About this task | Print the data below exactly, but only the lines from the one containing "Het proces van hechting" down to the one containing "É comum nestas", inclusive.

Task material |
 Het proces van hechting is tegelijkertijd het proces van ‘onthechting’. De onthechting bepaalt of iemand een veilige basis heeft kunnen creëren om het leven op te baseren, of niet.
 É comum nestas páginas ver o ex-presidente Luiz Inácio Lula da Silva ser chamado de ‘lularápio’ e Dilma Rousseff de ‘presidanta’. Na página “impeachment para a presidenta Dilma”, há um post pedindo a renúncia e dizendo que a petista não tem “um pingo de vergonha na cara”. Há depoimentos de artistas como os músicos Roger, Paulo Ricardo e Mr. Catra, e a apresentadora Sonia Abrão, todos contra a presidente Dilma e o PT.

--

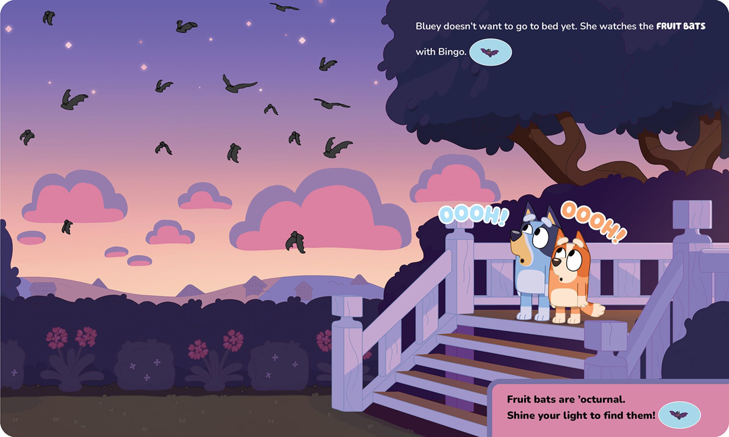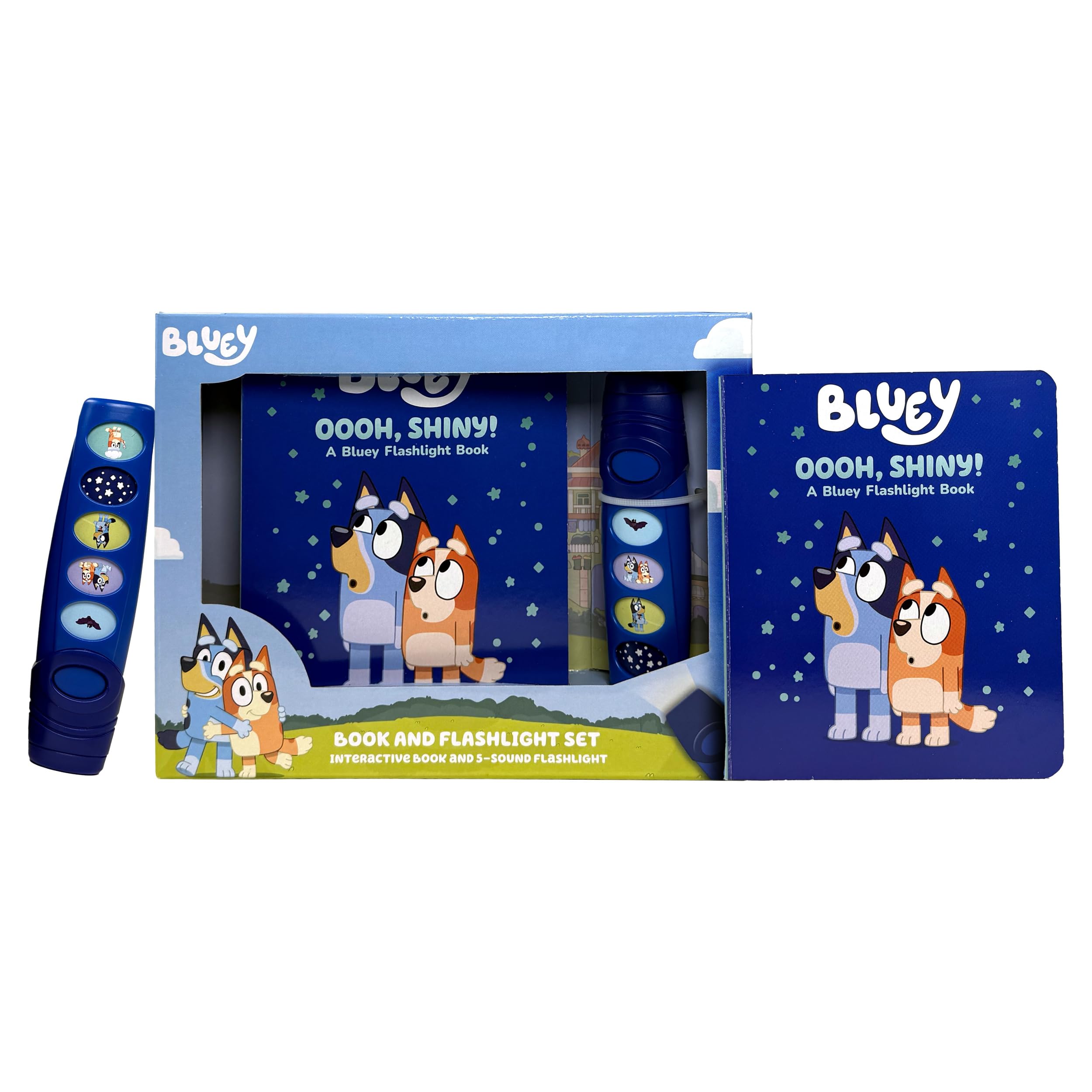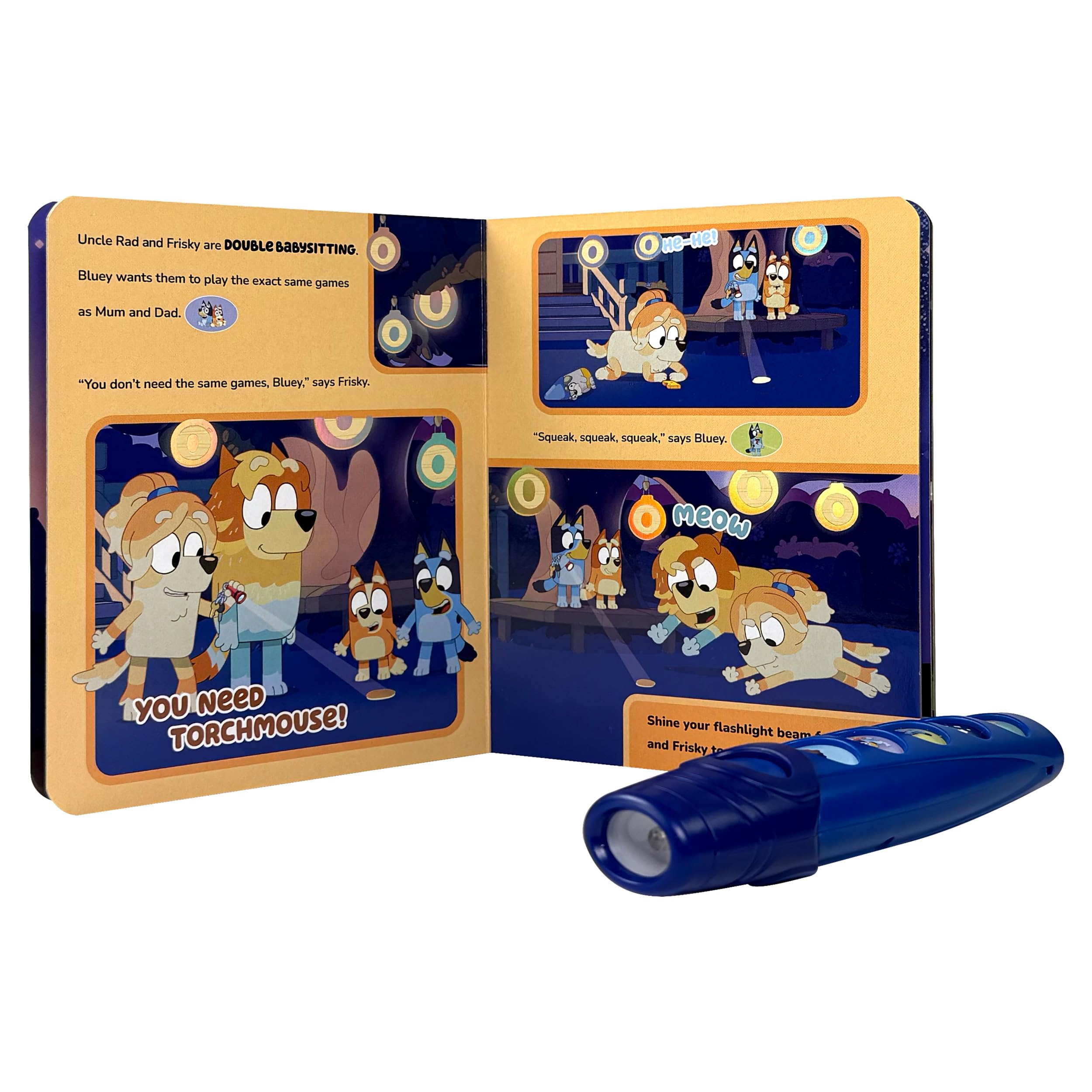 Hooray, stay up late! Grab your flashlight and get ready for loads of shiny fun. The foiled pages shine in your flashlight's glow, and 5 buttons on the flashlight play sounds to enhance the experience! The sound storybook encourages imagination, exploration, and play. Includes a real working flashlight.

Exercise output |
 Het proces van hechting is tegelijkertijd het proces van ‘onthechting’. De onthechting bepaalt of iemand een veilige basis heeft kunnen creëren om het leven op te baseren, of niet.
 É comum nestas páginas ver o ex-presidente Luiz Inácio Lula da Silva ser chamado de ‘lularápio’ e Dilma Rousseff de ‘presidanta’. Na página “impeachment para a presidenta Dilma”, há um post pedindo a renúncia e dizendo que a petista não tem “um pingo de vergonha na cara”. Há depoimentos de artistas como os músicos Roger, Paulo Ricardo e Mr. Catra, e a apresentadora Sonia Abrão, todos contra a presidente Dilma e o PT.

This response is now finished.